I related the story to David over at Manifest, and he burst out into laughter, telling me that the only thing that could've made it better would be if they had a big mural about "The Intimidator" painted on the side of the buliding. Yes, that is a tattoo of Dale Earnhardt's face. Brother, people around here love that guy.

It's a weird thing to see, but like I said, I can understand it. How you can hold the idea that America is great while simultaneously reserving a sepcial place in your heart for the Confederacy, which tore the country apart in an effort to violate the principles that America was founded on, well, that's the one I don't get.

To be fair, I'm not against the Confederate Flag as a concept. If somebody gave me a bright orange '66 Dodge Charger, you better believe that bad boy'd be on the roof faster than you could say Strom Thurmond.

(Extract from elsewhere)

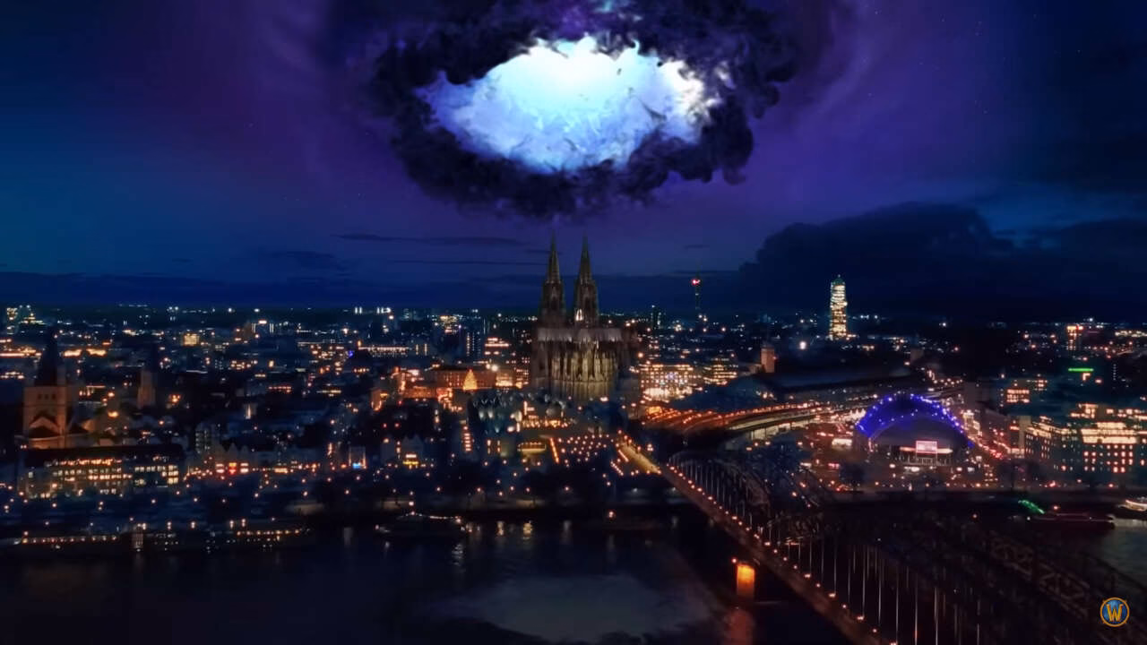 O trailer mostra a escuridão avançando sobre Azeroth, com um foco especial na personagem Xal’atath. A grande surpresa, no entanto, acontece no final: o vídeo corta para imagens do mundo real, exibindo a Tempestade do Caos sobre a icônica Catedral de Colônia, na Alemanha — cidade onde ocorre a Gamescom.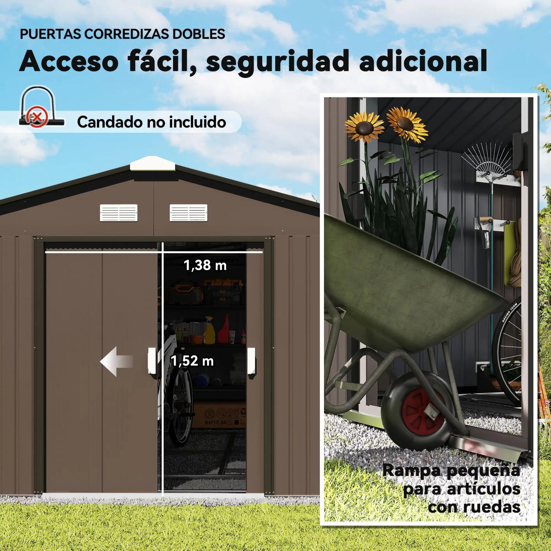 - TECHO INCLINADO Y DOBLE PUERTA: El techo inclinado permite que el agua fluya hacia el suelo, evitando que se estanque y se oxide la caseta. Sus dos puertas correderas facilitan el acceso al interior sin obstruir el paso, incluso al mover objetos grandes. Ofrece la opción de cerrarse con candado (no incluido) para mayor seguridad

I understand that a lot of people see it as nothing more than a symbol of rebellion, or of a crucial and fascinating part of American history. Unfortunately, it's also the symbol of people who wanted to, you know, have slaves. So there's that.

Sarah Vowell talks about it in Assassination Vacation. When she goes to see the grave of John Wilkes Booth, she notes that a lot of the people who slap American flag bumper stickers on their trucks (a sure sign that you're in for a bad time if you happen to get behind them on the highway) have them right alongside the ones claiming the South will rise again, apparently not quite clear on against whom the South would rise.

Which comes crashing back to me and my plate of hush puppies and Bourbon Street Chicken at the local Feeding Trough. I look over, and there's this angry old man with a black baseball cap with the Confederate Flag and the American Flag crossed, reading in big white letters: THESE COLORS DON'T RUN. NEVER HAVE. NEVER WILL.

I'd offer up a picture of the hat, but while looking for it, I found this [WARNING: THAT IS THE WORST AND MOST HARROWING THING YOU WILL SEE TODAY OR EVER UNLESS YOU ARE THE WEBMASTER OF GOATSE.CX]. The fact that the store selling those... dandy little things uses the same store layout as Homestar Runner was especially jarring, and made me cry for about ten minutes.

Regardless, exactly how this guy can hold fast to this statement when it's a historical fact that the representative of one of those colors signed a treaty surrendering to the representative of the OTHER boggles the mind. Clearly, this man is insane.

But that's just how we roll in the SMT.


Blogger Phil Looney said...

The symbolism of the confederate flag that most of these redneck people hold fast to has to do more with the fact that it's the last thing that poor white trash has to hold over black people who have improved their standing in life. It's the ignorance that breeds a thought process of "I'm dirt poor, but at least I'm not black."

There's also the idea of a southern pride - being proud of your heritage, where you're from. I understand this to a degree, because I'm proud of my southern upbringing. Nothing sets me off more than when someone says something about the south or the way southern people do things. But wearing a confederate flag is not a symbol of pride, it's a symbol of ignorance and stubborness - which I've learned is especially inherent in the South Carolina. Heck, I'm stubborn as all get out.

I don;t have much of a point, other than to say I love the Golden Coral steak buffet.